Friedrich Nietzsche lo predijo hace mucho: el reblandecimiento de los individuos será terreno fértil para la aparición de tiranos como nunca antes los ha conocido la historia. ¿A qué se refería el filósofo? Al éxito que alcanzan los humanos más crueles y despiadados cuando los rodea la incapacidad para resistir el mal que anida en mentes frágiles, personas manipulables e impotentes que, por falta de convicción, son ineptos en el arte de tomar las medidas necesarias para detener el avance de los tiranos. Es esa incapacidad la que, sumada a intereses personales, miedos y egos desmedidos nos tiene al bode de la cornisa.

Nietzsche también nos enseñó que, en la vida humana, pocos son los asuntos absolutos; al contrario, la gran mayoría de nuestras problemáticas se definen en los matices. Así, por dar un ejemplo, en el mundo normal donde acostumbra vivir una mente equilibrada, tildar algo bajo el calificativo de “violencia” tiene implicancias específicas. En otros términos, el simple hecho de que una palabra o gesto sea desagradable no lo hace violento. Hoy, cualquier ofensa, mirada, expresión, broma o idea, puede ser catalogada como violenta. Esta disolución de conceptos, que nos impide distinguir, tiene entre sus precursores a Jacques Derrida. El teórico llegó al punto de afirmar que incluso un abrazo es un acto de violencia en vistas a que obliga al otro a darlo de vuelta.

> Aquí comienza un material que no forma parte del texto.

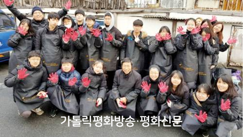봉사단은 12월 23일 서울 노원구 상계동을 찾아 겨울철 난방에 어려움을 겪고 있는 홀몸노인과 기초생활수급자 등 6가구에 연탄 1200장을 전달했다. 중고등부는 올초부터 연탄 나눔을 기획하고 직접 묵주와 초 등을 만들어 본당 신자들에게 판매하며 연탄 기금을 마련했다. 유은재 기자

Usted se preguntará qué importancia tienen estas disquisiciones. En breve, si todo es violencia, nada lo es. Así es como la izquierda ha terminado por derrumbar nuestra resistencia al mal, en la medida que -desde disquisiciones intelectuales y propaganda mediática- ha anulado nuestra capacidad de distinguirlo. Esa es, en parte, la explicación que subyace a la insensibilidad frente a la declaración de guerra hecha por la presidente de la Convención Constituyente, Elisa Loncón, que pidió un minuto de silencio para la quema de enseres de inmigrantes, pero se negó a destinar el mismo tiempo a Hernán Allende, quemado vivo por los narcoterroristas en el sur.

¿Dije declaración de guerra? Sí. ¿O acaso no es en la guerra donde la vida del enemigo vale menos que objetos inertes? Aterrizando el simbolismo de los actos de la presidenta en palabras de su sector, se trataba de la vida de un Huinca, entiéndase conquistador, opresor del pueblo mapuche. No es necesario detenerse en las consecuencias de la declaración de guerra de la machi, para quien, ya lo sabemos, el valor de la vida depende del territorio que se habita: todos los chilenos del Bío- Bío al sur que mueran en manos del narcoterrorismo, no merecen ni un minuto de silencio.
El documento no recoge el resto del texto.